# Rusty hose clamps



## StuH (Apr 14, 2007)

I'm in the process of cleaning my engine bay. It's looking okay with the exception of the small metal bits such as hose clamps that are covered in surface rust. It really spoils the look so I need to get them looking better.

Ideally I'd like to keep everything in place so I want to avoid damaging hoses etc. How am I best tackling this and preventing it?


----------



## steveo3002 (Jan 30, 2006)

buy stainless ones ..most will undo and wrap around


----------



## lowejackson (Feb 23, 2006)

It would be quite expensive but the Bilt Hamber Deox gel might be worth thinking about if you really want to retain the original clips. I would still remove them though and give the rubber hoses a good check. Clean metal clamps are great but leaking hoses are not. 

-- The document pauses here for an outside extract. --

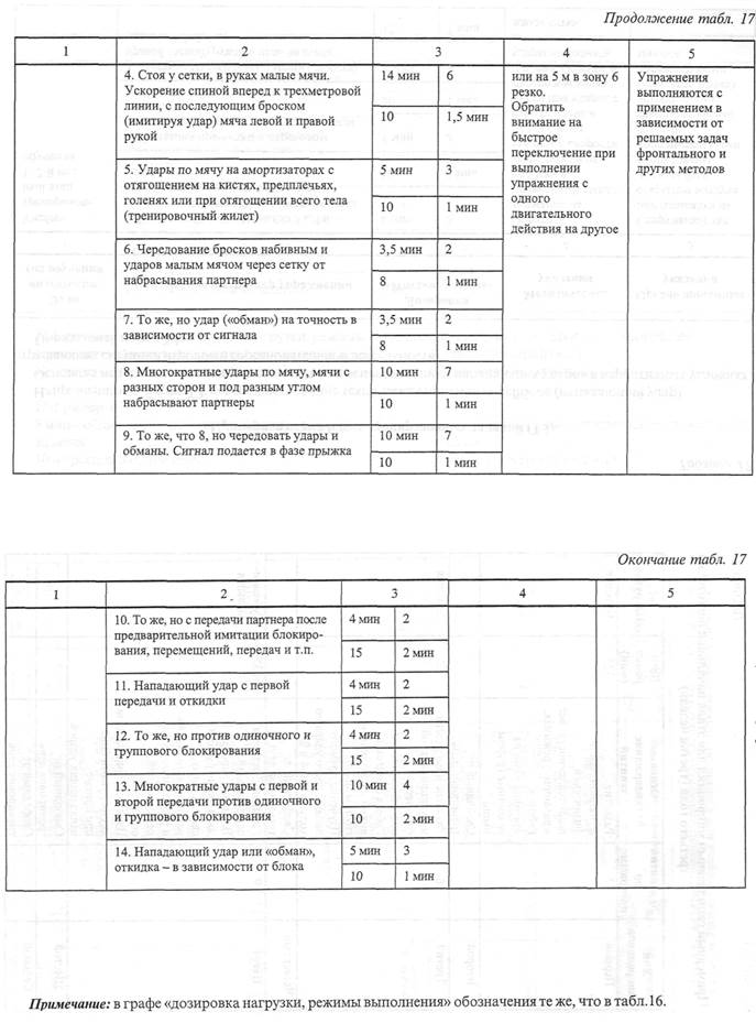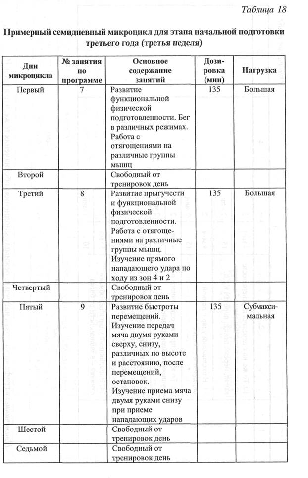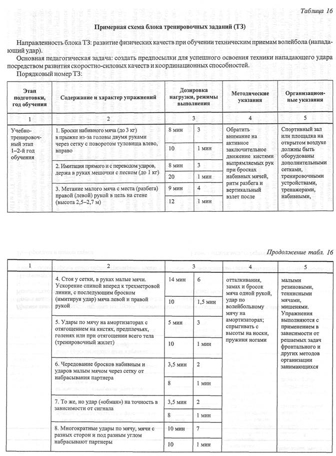 Содержание и структура тренировочного процесса определяются во многом содержанием и структурой соревновательной деятельности, соревновательными действиями спортсменов и условиями их выполнения. Волейбол отличается большим разнообразием соревновательных (технико-тактических) действий, многократным их выполнением в процессе одной встречи (игры) отдельными игроками и во взаимодействии с членами команды. Все в целом составляет систему соревновательно-тренировочной деятельности, куда входят: соревнования, содержание соревновательных действий; тренировка и ее составляющие - техническая, тактическая, физическая, психическая, теоретическая и интегральная подготовки; тренировочные занятия; тренировочные задания; арсенал упражнений: общеразвивающих, подготовительных, подводящих, по технике, по тактике, интегральных; учебных, контрольных и календарных игр. Из арсенала упражнений формируются тренировочные задания, которые объединяются в тренировочные занятия, тренировочные занятия образуют микроциклы, микроциклы - мезо циклы, которые объединяются в макроциклы - годовой цикл тренировки и многолетние циклы подготовки. Таким образом, тренировочные задания являются важнейшим начальным структурным компонентом тренировочного процесса. Тренировочные задания (ТЗ) - это физическое упражнение или их комплекс, специально созданный для решения конкретных задач тренировочного процесса. Тренер разрабатывает каталоги тренировочных заданий по каждому виду подготовки, для тренировочных занятий по направленности, для разных типов микроциклов, по игровым функциям (амплуа) волейболистов. Тренировочные занятия подразделяются по направленности: по физической подготовке (общей, специальной); технической (обучение, совершенствование); тактической (обучение, совершенствование); комбинированные (по технической и физической; по технической и тактической; по технической, тактической, физической); целостно-игровой (по типу комбинированных) подготовки; контрольные; для разминки перед игрой. С учетом сказанного тренировочные задания группируются в отдельные блоки по принципу их преимущественной направленности. Каждое тренировочное задание должно иметь конкретные педагогические и воспитательные задачи; содержание занятия (комплекс упражнений и последовательность их выполнения); дозировку нагрузки и режим ее выполнения (интенсивность, количество повторений, серий, вес спортивных снарядов, длина дистанций); продолжительность и характер пауз отдыха и др.); методические указания (год обучения, возможные ошибки при выполнении упражнения и способы их устранения); организационные указания (место проведения занятий, необходимый инвентарь и оборудование). В основной части занятия концентрируются упражнения конкретной преимущественной направленности. В таблицах 16-20 приводятся в качестве примера блоки ТЗ для групп МП и УТГ и содержание микроциклов.

If originality is not critical, as above, get some new clamps


----------



## Bulkhead (Oct 17, 2007)

Am I the only one who thought the title sounded like the title of a Viz annual?!


----------



## StuH (Apr 14, 2007)

I never thought about new ones as there's tons of the damn things! It really is only light surface rust and I've no idea why it's just appeared. If I get chance I'll take a pic over the weekend.


----------



## Titanium Htail (Mar 24, 2012)

Just flat it down rust free primer, satin top coat, is that possible.

John Tht.


----------